Emerging evidence from two large, recently published retrospective cohort studies suggests potential anti-neoplastic effects of pirfenidone. The first study, conducted in South Korea, included 5038 IPF patients, 880 of whom were treated with pirfenidone. Unexpectedly, the incidence of LC was higher in the pirfenidone group than in the non-pirfenidone group (13.5% vs. 8.9%). This finding may be attributed to the fact that data were collected from a period when the inclusion criteria for antifibrotic drugs were strict, as antifibrotic therapy was only prescribed to patients with severe disease, who inherently have a higher risk of developing lung cancer. However, all-cause mortality among IPF-LC patients was significantly lower in the pirfenidone group compared to those who did not receive the drug (HR 0.61; 95% CI: 0.43–0.85) [136]. Another novel nationwide population-based cohort study in Korea retrospectively evaluated 9938 patients with an IPF diagnosis established between 2004 and 2019, 31.6% (3188) of whom were receiving pirfenidone. The median follow-up was 3 years, with a 1-year median time of pirfenidone treatment. A total of 766 patients developed LC, corresponding to rates of 6.7% in the pirfenidone group and 11.0% in the non-pirfenidone group. The LC incidence was 10.4 per 1000 person-years in the pirfenidone group, compared to 27.9 per 1000 person-years in the non-pirfenidone group. The cumulative incidence of lung cancer (LC) in the pirfenidone and non-pirfenidone groups was as follows: at 3 years, 3.0% (95% CI: 1.3–6.7%) vs. 7.5% (95% CI: 6.0–9.4%); at 5 years, 4.7% (95% CI: 2.8–8.0%) vs. 12.9% (95% CI: 11.2–14.9%), respectively (p = 0.012). Furthermore, propensity score analysis using inverse probability of treatment weighting (IPTW) was conducted to balance baseline covariates and enhance the validity of comparisons between groups. The results were consistent with those observed in the clinical cohort. Eventually, pirfenidone was independently associated with a reduced risk of LC (HR 0.347; 95% CI: 0.258–0.466). Although the results were consistent across all treatment durations, they reached greater significance with prolonged treatment, especially among those treated for two years or more [135].

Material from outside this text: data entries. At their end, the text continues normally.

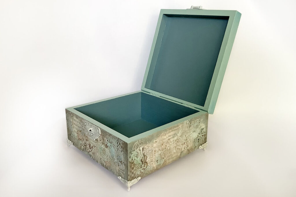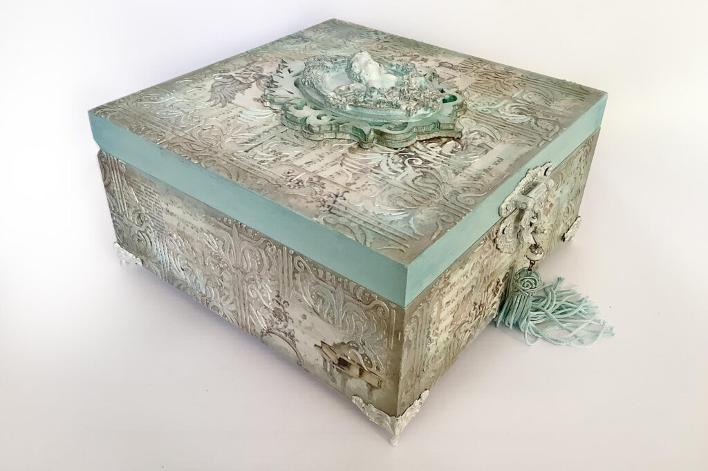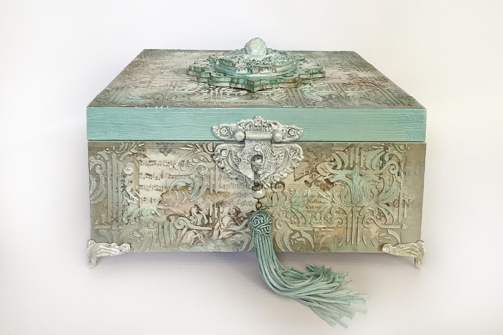Drewniane pudełko zdobione techniką decoupage. Malowane farbami akrylowymi i pokryte lakierem satynowym. Całość zdobią elementy 3D oraz ozdobne metalowe zapięcie z unikatowym wisiorem.
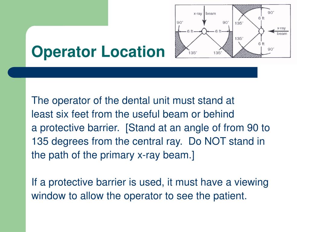 Operator Location The operator of the dental unit must stand at least six feet from the useful beam or behind a protective barrier. [Stand at an angle of from 90 to 135 degrees from the central ray. Do NOT stand in the path of the primary x-ray beam.] If a protective barrier is used, it must have a viewing window to allow the operator to see the patient.
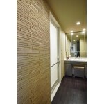 (旧東京ガスリモデリング株式会社での事例です。)洗面室はちょっとしたアクセントがあると雰囲気が大きく変わります。アクセントとして、壁の一部にタイルをご提案。素材感のあるタイルは照明により陰影を創出し、豊かな雰囲気が実現しました。洗面化粧台は既存です。
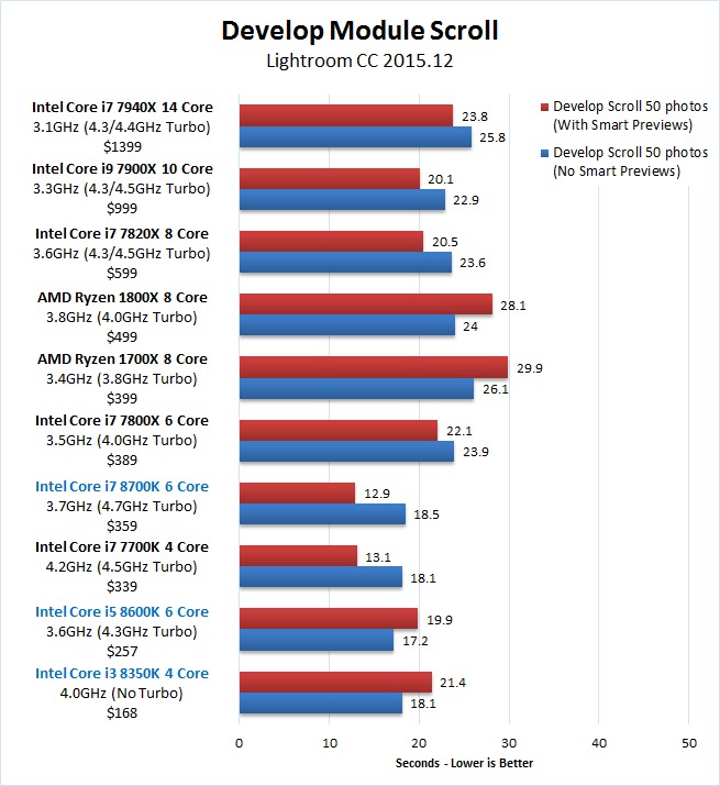 The main users who will benefit from the new Coffee Lake 8th Gen CPUs are those that export a large number of images, but also want the best performance when generating previews, applying corrections, or almost anything else in Lightroom. For this kind of user, the Core i7 8700K in particular is an excellent CPU since you not only get a small performance increase for general tasks, but also a large 25% increase in performance when exporting. Those that are simply looking to get their export times down as much as possible may want to consider a CPU like the Core i7 7820X or even the Core i9 7900X since they are significantly faster for exporting, but we would consider the Core i7 8700K to be the more balanced option for the average Lightroom user.
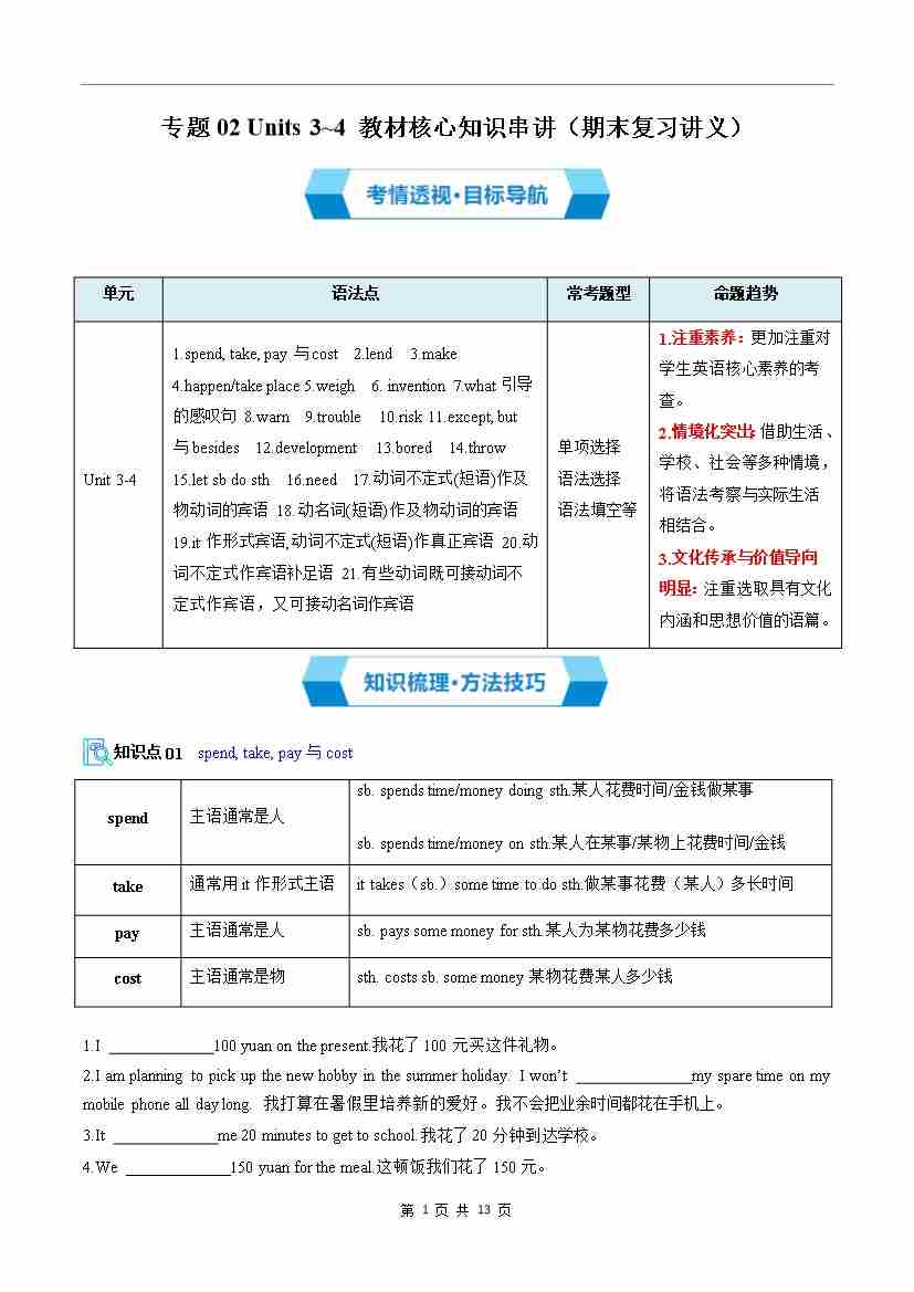 专题02 Units 3~4 教材核心知识串讲(期末复习讲义)(解析版)
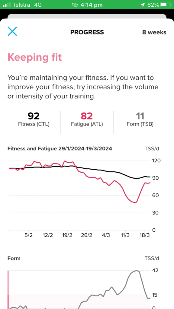 Leaning into that hope, I started well on Monday. A 10km run with only a few safety breaks to ensure I wasn’t doing anything too dangerous. It also only took me twenty-ish minutes of walking and mobilising activities to get started too, down from about thirty minutes on Saturday/Sunday. With my redemption building progress I was also now starting to focus on bringing my Suunto Training Load stats back up so went on an hour ride to get some more training stress. That was the plan at least. Instead, I got a flat tyre with 7km’s to go and had to run back home in order to leave enough time for lunch and to re-collect my bike before I started work at the pool.
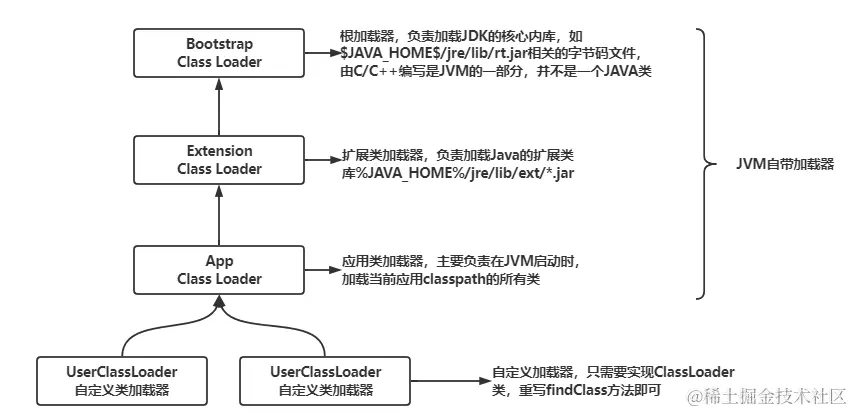 类加载器就是将编译之后的class字节码文件加载到内存中,并将这些内存转换为方法区中的运行时数据结构,注意类加载器只负责class文件的加载,至于是否可以运行需要由Execution Engin决定。
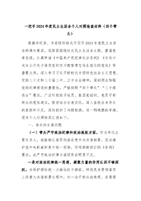 一把手2024年度民主生活会个人对照检查材料(四个带头).docx
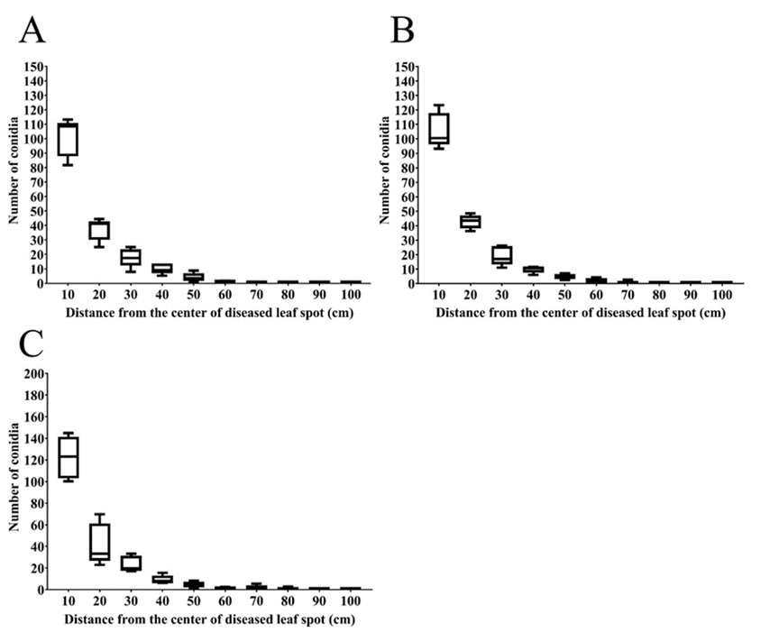2020年8月至10月,在田间测定了槭菌刺孢分生孢子的传播和侵染距离。第一次试验于8月25日开始,经过半个月的时间(期间有降雨),在9月9日测量了距离接种源不同距离处的三七圆斑病发病率。在距离接种源1 m处的三七圆斑病发病率为13.33%,当距离大于1m时,未发现有三七圆斑病发生。第二次试验于9月10日至9月25日进行,试验结果表明在接种源附近的所有健康三七植株均被侵染(距离0 m),发病率为100%,距离接种源1 m处的平均发病率为39.67%,和第一次的试验结果类似,在距离接种源超过1m的地方没有发现三七圆斑病植株。第三次实验于9月26日至10月11日进行,结果与第一次和第二次的试验结果相似,发病的三七植株均在距离接种源1 m之内,和接种源的距离超过1m时的三七均未发病。

It is essential to note that these findings are derived from retrospective studies, and their interpretation should be approached with caution due to the potential limitations and biases inherent in observational research. Retrospective analyses should not be considered confirmatory but rather hypothesis-generating. Therefore, prospective and randomized controlled trials are essential to determine whether antifibrotics can effectively prevent LC development in patients with IPF.

8. Conclusions

IPF significantly increases the risk of LC development, and the coexistence of both IPF and LC significantly worsens patients’ prognosis. Major risk factors for LC occurrence in patients with IPF include smoking, male sex, and older age. Numerous shared cellular, molecular, and epigenetic pathways between IPF and LC have been identified, potentially serving as novel targets for future drug development. A key challenge in the diagnosis and treatment of LC in IPF patients is the occurrence of AE and LC recurrence. The potential risks and benefits of various therapeutic approaches must be carefully weighed to determine the most appropriate clinical management strategy. An individualized, patient-centered approach is crucial for optimizing outcomes in patients with IPF-LC. Hence, establishing standardized guidelines is critical for optimizing treatment decisions and ensuring consistent, high-quality care.